On the issue of the Human Sexual Rights and Ghanaian Family Values Bill of 2021, a bill that aims to regulate human sexual rights and family values, specifically targeting LGBTQ+ activities, he urged Parliament to carefully consider all input on the "Promotion of Proper Human Sexual Rights and Ghanaian Family Values Bill, 2022." He stressed the importance of crafting a law that benefits all Ghanaians. Justice Adjei-Frimpong highlighted his duty as a judge to apply the law after Parliament's decisions. During his vetting by the Appointment Committee, he expressed the need for the House to consider stakeholder comments and issues raised in the debate. In response to a question about potential discrimination against minority sexual groups, he reiterated his commitment to following the law.

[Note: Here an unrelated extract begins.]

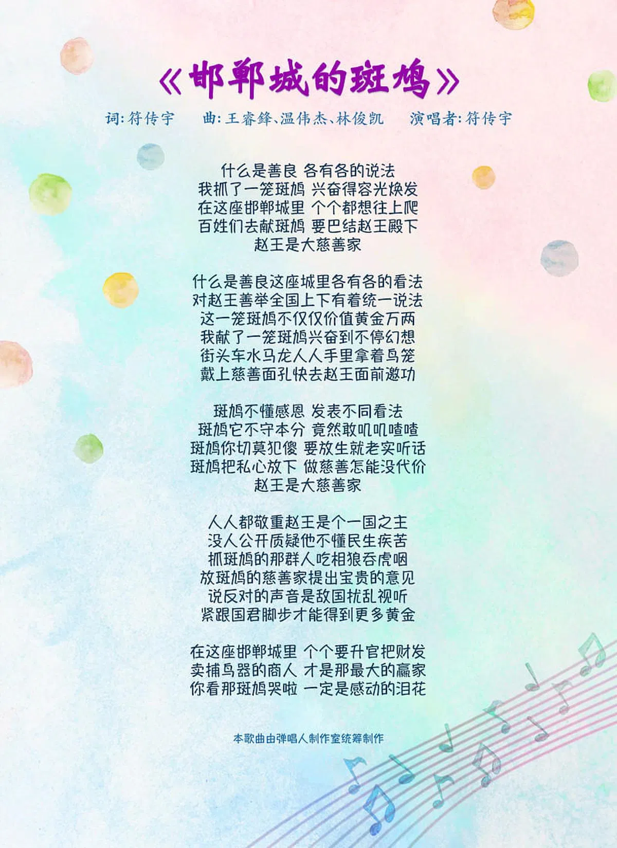 新空下2022创作合辑:《邯郸城的斑鸠》发布/2023年2月11日 07:00小标准中大《邯郸城的斑鸠》是由光洋中学的王睿鋒作词,符传宇作曲。 本歌曲由弹唱人制作室统筹制作。所有入选作品的词曲版权归属推广华文学习委员会。浏览新空下专题页面,就可以知道更多相关信息! 新空下全国学生新谣歌唱及创作比赛新谣上一篇“新空下”2023全国学生新谣音乐节暨学生创作歌曲合辑新闻发布会下一篇新空下2022创作合辑:《差不多先生》

He was unanimously approved by Parliament on 23 December 2023. The unanimous approval followed the adoption of the 33rd report of the Appointments Committee, which had vetted him and his two other colleague Justices of the Court of Appeal on 20 December 2023. Joseph Osei-Owusu, the chairman of the committee and First Deputy Speaker, presented the report, highlighting his demonstrated knowledge and expertise in the law. The First Deputy Speaker then moved a motion for the House to adopt the committee's recommendation to approve the nominees by consensus.

=== Swearing-in ===
Adjei-Frimpong was sworn into office by President Akufo-Addo on 3 January 2024. The ceremony, in accordance with Article 144 (2) of the 1992 Constitution, marked the appointment of Adjei-Frimpong and his two other colleagues to the Supreme Court. The event, held at the Jubilee House in Accra, included the taking of Allegiance, Judicial, and Secrecy oaths, with the President presenting him with a Warrant of Appointment.

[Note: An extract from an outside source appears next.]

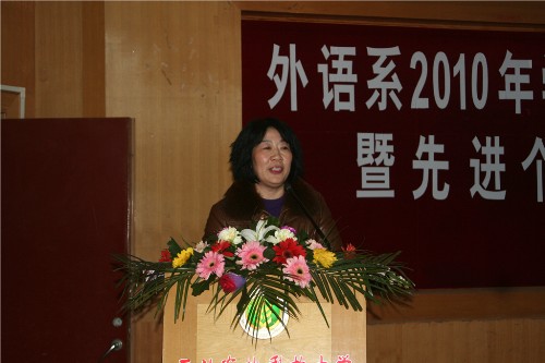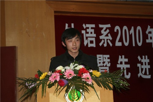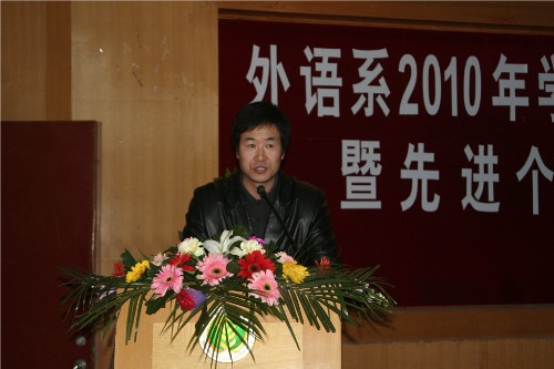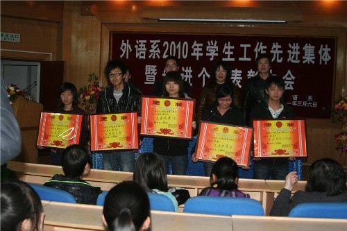 大会在庄严的国歌声中拉开序幕。会上,王小平副书记首先对2010年学生工作进行了详细而全面的总结,充分肯定了过去一年外语系学生工作取得的成绩,提出要继续办好“学长导航”、“英语演讲比赛”等我系的特色活动,并针对进一步加强学风建设、学生基础文明建设和纪律监督、大学生创新实践等问题提出了要求。随后,田志强副主任宣读了表彰决定。他指出,过去一年来,我系的学生工作取得了显著成绩,广大同学不断从自身做起,综合素质得到了培养和提高,在各类型、各级别的校内外竞赛中获得了优异成绩。在同学们热烈的掌声中,与会领导为获奖的先进集体和先进个人颁发了荣誉证书。

President Akufo-Addo emphasised the Supreme Court's role as the policy court, making crucial decisions on the legal aspects of the country's socio-economic development. He urged the newly appointed justices to ensure that the judiciary earns the people's respect through the quality of justice delivery and the conduct of its judges. The President highlighted the importance of applying the laws without bias, as outlined in the Judicial Oath, irrespective of political, religious, or ethnic affiliations.

Dignitaries in attendance at the ceremony were the Chief Justice, Justice Gertrude Torkornoo, members of the Judicial Council, the President of the ECOWAS Court of Justice, the Chief of Staff, Akosua Frema Osei-Opare, and Attorney General and Minister of Justice, Godfred Yeboah Dame.

==Awards==
Among his accolades, the Adjei-Frimpong received the S.Y. Bimpong-Buta Award for the Best Student in Interpretation of Deeds and Statutes in 1998 and an Award for Patriotic Service to the Country and Humanity in 2019.

==Personal life==
In his free time, he enjoys reading, researching, and playing lawn tennis.